Down Syndrome

Clinical Condition Overview 

Brief summary of condition 

  • Down syndrome or Trisomy 21, is a genetic condition resulting from an extra copy of chromosome 21. This chromosomal difference leads to developmental delays, characteristic physical traits, and variable cognitive abilities.
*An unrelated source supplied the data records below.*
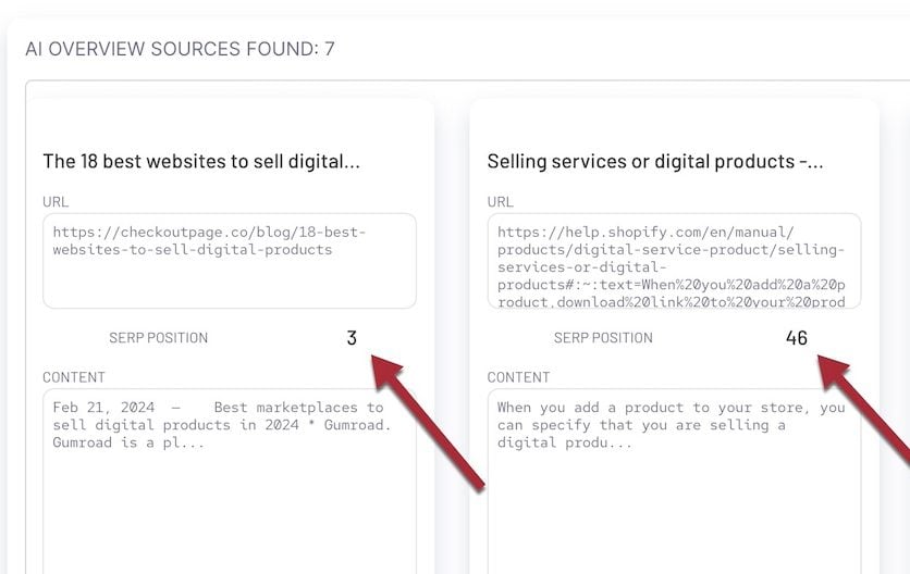 Click any query to see which URLs are included in the AI Overview and where they rank organically. Click image to enlarge.
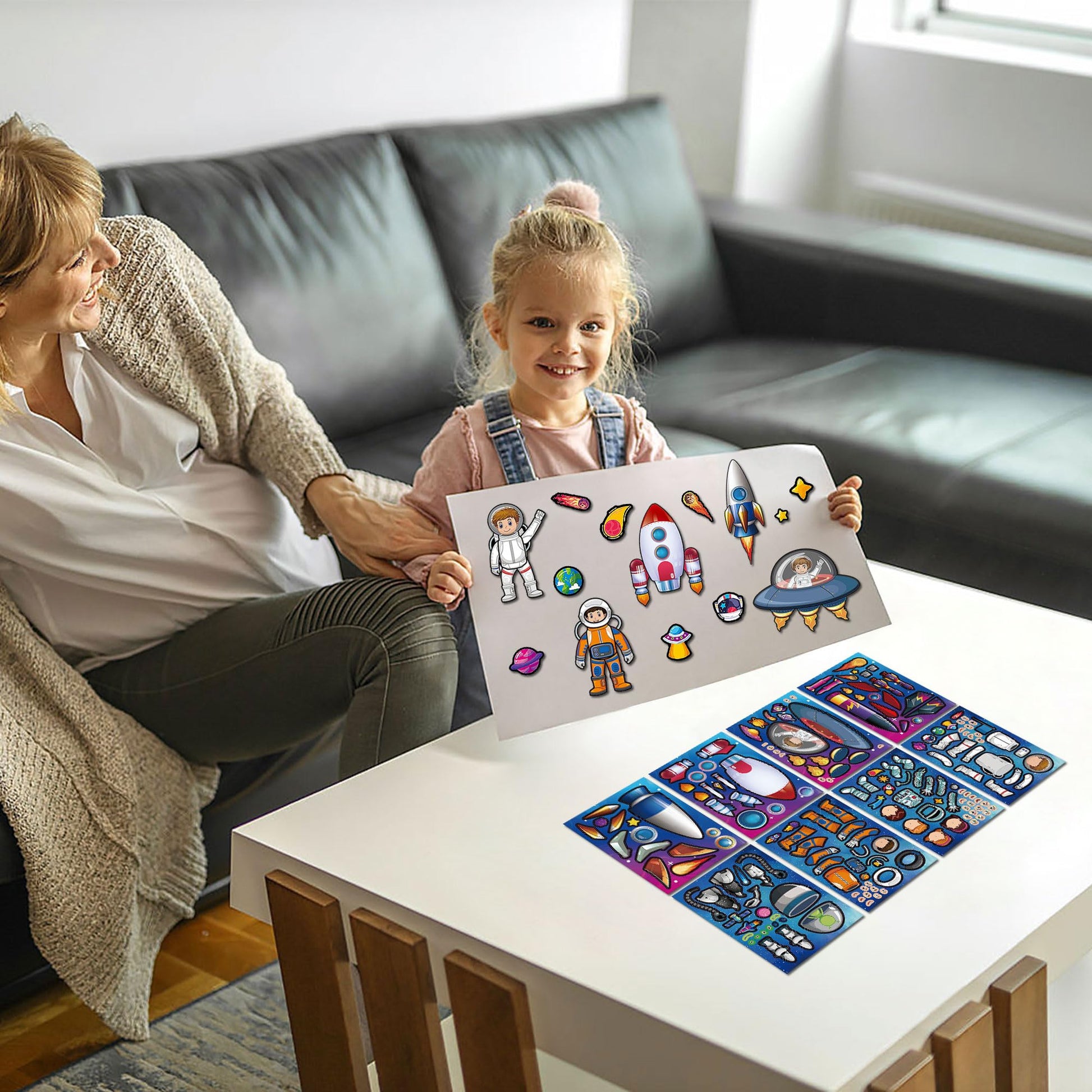 - Q: How many sheets and designs are included in the package? A: Each package includes 24 sheets of stickers featuring 8 different space-themed designs, with 3 sheets of each design, providing a variety of options for kids to mix and match.
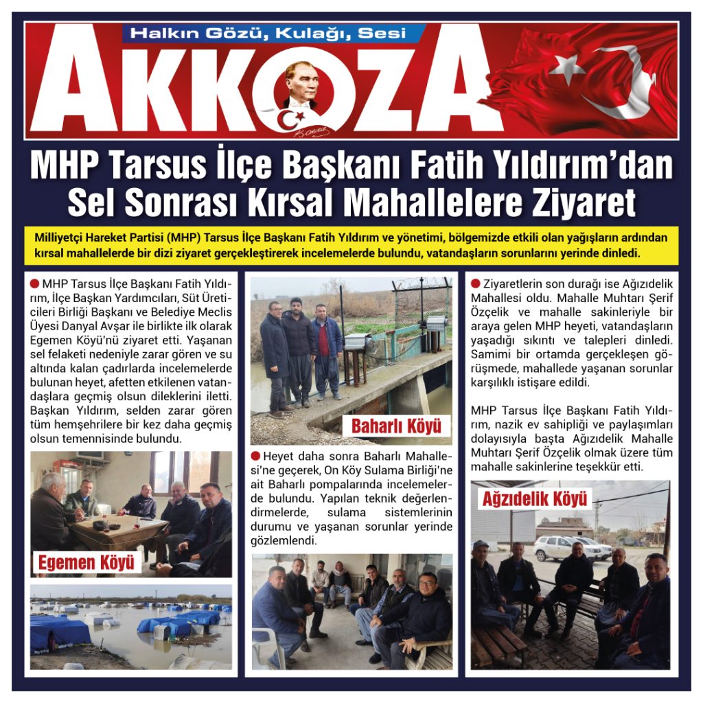 Milliyetçi Hareket Partisi (MHP) Tarsus İlçe Başkanı Fatih Yıldırım ve yönetimi, bölgemizde etkili olan yağışların ardından kırsal mahallelerde bir dizi ziyaret gerçekleştirerek incelemelerde bulundu, vatandaşların sorunlarını yerinde dinledi.

Down syndrome is one of the most common chromosomal conditions, occurring in approximately 1 in every 700 live births (CDC, 2023).

Signs and Symptoms

  • Hypotonia (low muscle tone)
  • Joint hypermobility and ligamentous laxity
  • Flattened facial features, upward-slanting eyes
  • Short stature, small hands and feet
  • Developmental delays in motor, language, and cognitive domains
  • Congenital heart defects, thyroid dysfunction, vision/hearing impairments, and sleep apnea

Pathology/Onset

  • Caused by an extra full or partial chromosome 21 due to nondisjunction, translocation, or mosaicism.
  • Detected prenatally through noninvasive prenatal testing (NIPT), chorionic villus sampling, or amniocentesis.
  • Severity varies depending on genetic presentation and individual health factors.

Role of Rehabilitation

  • OT
    • Enhances fine-motor coordination, self-care, and play participation.
    • Focuses on adaptive behavior, sensory integration, and self-feeding skills.
    • Promotes independence in ADLs and school readiness.
    • Educates families on home strategies, adaptive equipment, and daily routines.
  • PT
    • Addresses low muscle tone, postural control, and delayed motor milestones.
    • Uses play-based approaches for crawling, standing, and walking.
    • Improves strength, balance, and gait safety.
    • Prevents secondary complications like flat feet or joint instability.
  • SLP
    • Provides early feeding and swallowing support.
    • Improves expressive/receptive language, articulation, and social communication.
    • Uses visual supports, sign language, and AAC (augmentative and alternative communication) tools.
    • Supports school-age children with literacy and pragmatic language.

Evaluation

  • Evaluations are multidisciplinary, focusing on family-centered goals and culturally responsive care.
    • OT: Peabody Developmental Motor Scales (PDMS-2), Sensory Profile, and ADL checklists.
    • PT: Gross Motor Function Measure (GMFM), balance and gait assessments, muscle tone evaluation.
    • SLP: Preschool Language Scale (PLS-5), Clinical Evaluation of Language Fundamentals (CELF), oral-motor and feeding assessments.

Treatment

  • Early Intervention Programs: Promote cognitive, motor, and communication milestones.
  • Task-Oriented Therapy: Builds functional independence through play-based practice.
  • Sensory-Motor Integration: Enhances attention, regulation, and participation.
  • Oral-Motor & Feeding Therapy: Improves jaw stability, chewing, and swallowing coordination.
  • Parent/Caregiver Coaching: Empowers families with strategies for daily life.
  • Inclusive Participation: Encourages engagement in community and educational activities.


Helpful Resources 


References 

  • Centers for Disease Control and Prevention. (2023). Facts about Down syndrome. https://www.cdc.gov/ncbddd/birthdefects/downsyndrome.html
  • Global Down Syndrome Foundation. (2022). Medical care guidelines for adults and children with Down syndrome.
  • National Down Syndrome Society. (2024). Therapy and education resources.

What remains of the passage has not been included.